[Start of section]

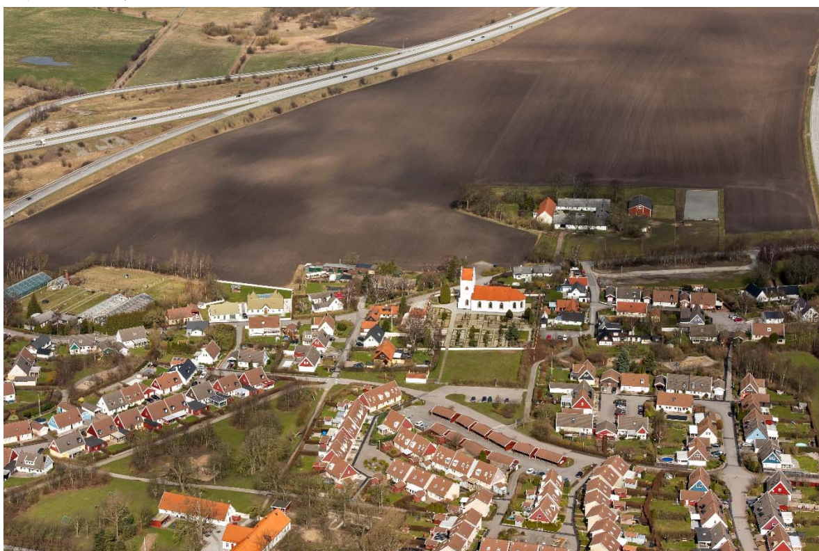
Från söder.

Eskilstorp ligger på Söderslätt i sydvästra Skåne, söder om Malmö. Idag har Eskilstorps kyrkby växt ihop med Vellinge samhälle.
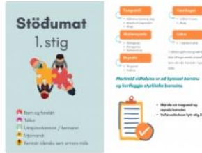
Stöðumat nýrra nemenda á Íslandi
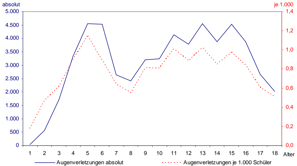
Abbildung 2 Augenverletzungen im Schulsport 2003 - 2007 (absolut und je 1.000 Schüler) nach Alter
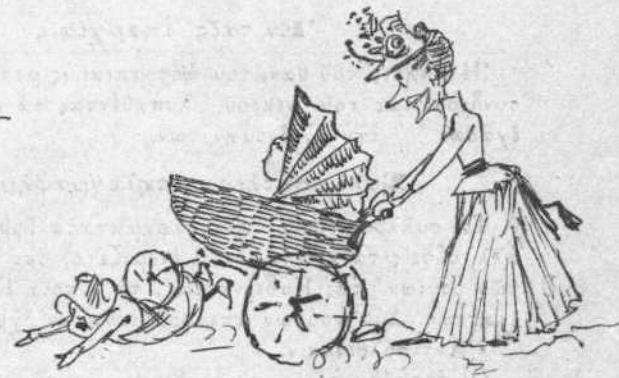
Εἰς τὴν ὁδὸν Φιλελλήνων.
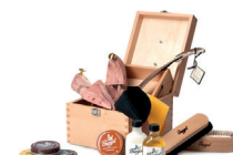
Zestaw do czyszczenia butów
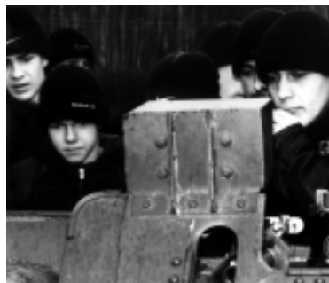
Посещение в/ч 31636 старшеклассниками г. Шадринска
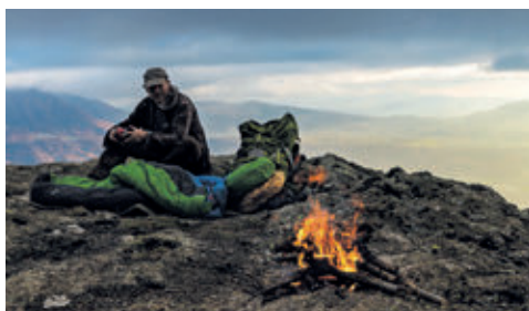
Marche avec les loups
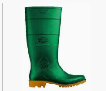
BOTA PVC HIDROCARBUROS
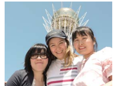
Семінар МУЦМ (Місіонерського учбового центру Манмін) в Казахстані. Сестра Ширель та учасники із Кореї

Після завершення однорічного теологічного навчання в Ізраїлі я повернулася в Казахстан, взявши з собою декілька книжок доктора Джерок Лі. Я провела семінар «Міра віри» для служителів церкви. Вони були глибоко зворушені. Багато членів церкви почали читати книжки доктора Лі і намагалися жити так, як там було написано. Вони відчули зміни у житті. Свідectва про зцілення і благословення текли потоком.
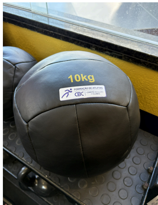
Wall Ball 10kg
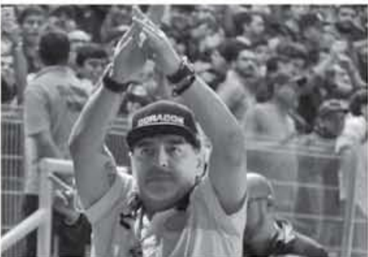
المكسيك - وكالات

وكان مارادونا، الذي اضطر متابعة المباراة من المقصورة نتيجة لعقوبة فرضت عليه، قد تصرف بصورة غاضبة مع جماهير أصحاب الأرض، ويظهر مقطع فيديو الأسطورة الأرجنتيني بينما يوجه ضربات نحو مجموعة من المشجعين، الذين مسخروا منه عقب خسارة النهائي. يذكر أن مارادونا طرد يوم الخميس، في مباراة الذهاب بعدما سب حكم المباراة ومدرب سان لويس، ألفونسو سوسا. يشار إلى أن مارادونا خضع لتدريب منذ ٣ أسابيع من قبل لجنة الحكام.
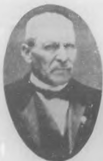
General Victoriano Huerta, Presidente interino de México.
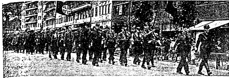
Toget fra Colosseum med en Hirdavdeling i spissen.

kom Sovjet-Samveldet med en skarp protest mot Finnlands initiativ om å slutte en nordisk forsvarsallianse. Slik imot all internasjonal ko-tyrne har Sovjet-Samveldets diplo-
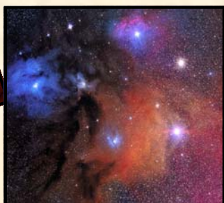
چرا جهان وجود دارد؟
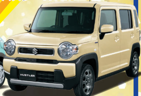
HUSTLER ハスラー HYBRID G
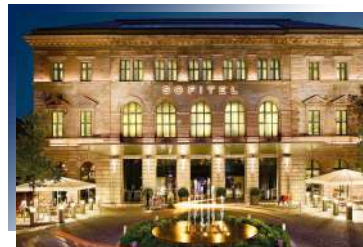
Sofitel Munich Bayerpost ★★★★★

精選史特拉斯堡市中心五星飯店，融合傳統亞爾薩斯元素與現代裝飾的設計風格，周邊圍繞著主要景點，讓您在亞爾薩斯首府之旅更加輕鬆悠閒。
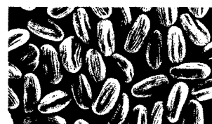
Pollen vom Einblatt ( Spatiphyllum sp. ), Vergrößerung 700-fach
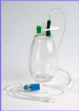
600ml Drainage- flasche bei Pleura- erguss

Für den Patienten ergeben sich durch diese Maßnahme verbesserte Lebensqualität, eine Symptomkontrolle und eine Verringerung der klinischen Aufenthalte.
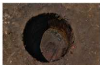
6 第 20 号埋設桶
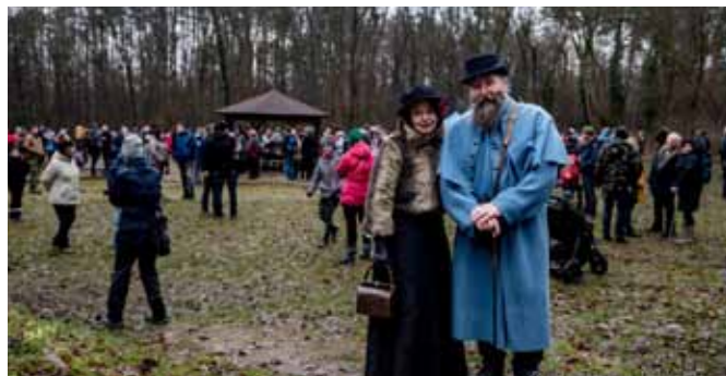
Silvestrovské setkání na Pepčíně, 31. 12. 2023
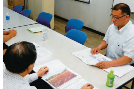
経営改善計画のご提案

また、お取引先企業のライフステージに発生するさまざまな課題に対する解決策を検討・提案することを目的に本部3部署(営業推進部・審査部・管理部)および営業店が連携した支援態勢を構築しています。
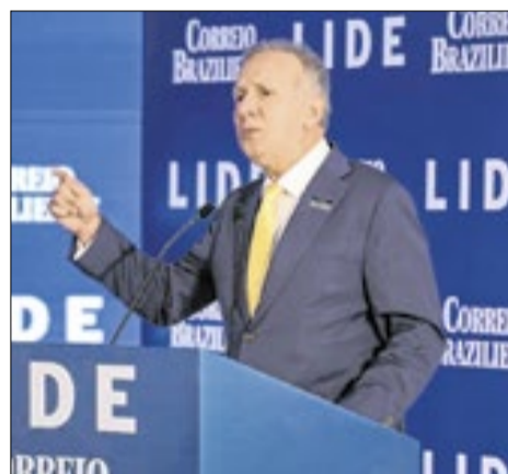
O deputado federal Aguinaldo Ribeiro relacionou avanço da tecnologia à necessidade de reformar a máquina pública diante dos desafios fiscais e demográficos do país
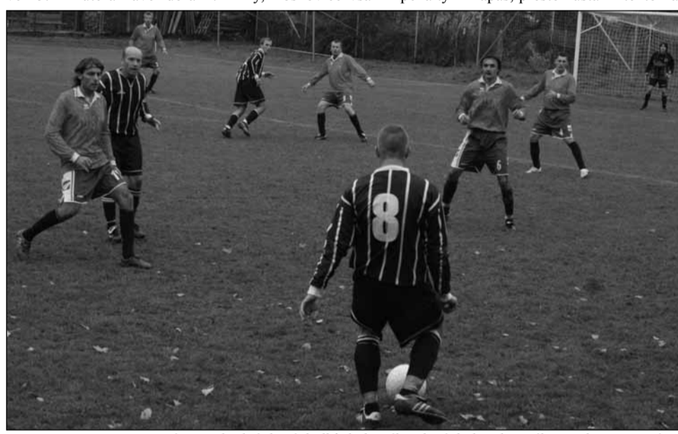
Kolo remíz. Ve znamení nerozhodných výsledků bylo víkendové kolo okresního přeboru. Remízou skončil i zápas Doubravice s boskovickým béčkem.

V Doubravici se na těžkém terénu hrál vcelku solidní zápas. Domáci brankář udělal chybu ve 25. minutě a Pavel dorazil.
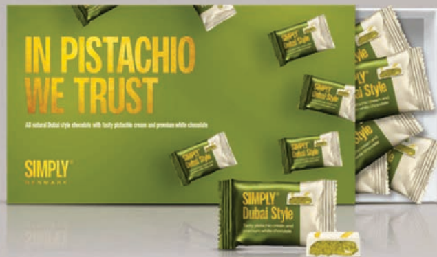
In pistachio we trust - 15 stk. / 150 g. Gaveæske med 15 stk. chokoladebites: Dubai Style hvid chokolade
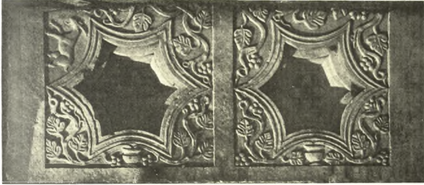
Είκ. 2. Ρωμαϊκά φατνώματα χρησιμοποιηθέντα εις την διακόσμησιν του χριστιανικού ἄμβωνος.
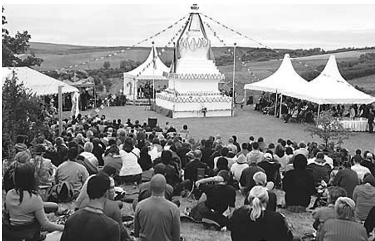
A nógrádi Becskén felállított sztúpa a buddhista gyakorlás célját, a megvilágosodást fejezi ki

Buddhista vallási építményt, úgynevezett sztúpát avattak a Nógrád megyei Becskén. Az eseményre Európa több országából érkeztek buddhisták és a vallást nem gyakorlók egyaránt. A sztúpát Serab Gyalcen rinpoce nepáli buddhista mester avatta fel.
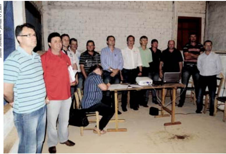
Autoridades e lideranças reforçaram o comprometimento com a Casa Familiar Rural

Na ocasião foi feito um encaminhamento onde todas as autoridades que estavam presentes se comprometeram. O presidente do Sindicato dos Trabalhadores Rurais de Maravilha e extensões de base (Tigrinhos, Flor do Sertão e São Miguel da Boa Vista) explica que "agora, é só fazer um processo para o Estado reconhecer e começarem as aulas. Quem sabe comece as aulas nos próximos dias, mas ainda precisamos do aval do Governo do Estado para dar início".

[End of section]

▶ _WHAT YOU HAVE TO DO_
The answer is those lines of the material above that run from the one containing "6 第 20 号埋設桶" up to and including the one containing "Είκ. 2. Ρωμαϊκά", restated exactly and without images.

▶ _ANSWER FOR THIS EXERCISE_
6 第 20 号埋設桶
Silvestrovské setkání na Pepčíně, 31. 12. 2023
経営改善計画のご提案

また、お取引先企業のライフステージに発生するさまざまな課題に対する解決策を検討・提案することを目的に本部3部署(営業推進部・審査部・管理部)および営業店が連携した支援態勢を構築しています。
O deputado federal Aguinaldo Ribeiro relacionou avanço da tecnologia à necessidade de reformar a máquina pública diante dos desafios fiscais e demográficos do país
Kolo remíz. Ve znamení nerozhodných výsledků bylo víkendové kolo okresního přeboru. Remízou skončil i zápas Doubravice s boskovickým béčkem.

V Doubravici se na těžkém terénu hrál vcelku solidní zápas. Domáci brankář udělal chybu ve 25. minutě a Pavel dorazil.
In pistachio we trust - 15 stk. / 150 g. Gaveæske med 15 stk. chokoladebites: Dubai Style hvid chokolade
Είκ. 2. Ρωμαϊκά φατνώματα χρησιμοποιηθέντα εις την διακόσμησιν του χριστιανικού ἄμβωνος.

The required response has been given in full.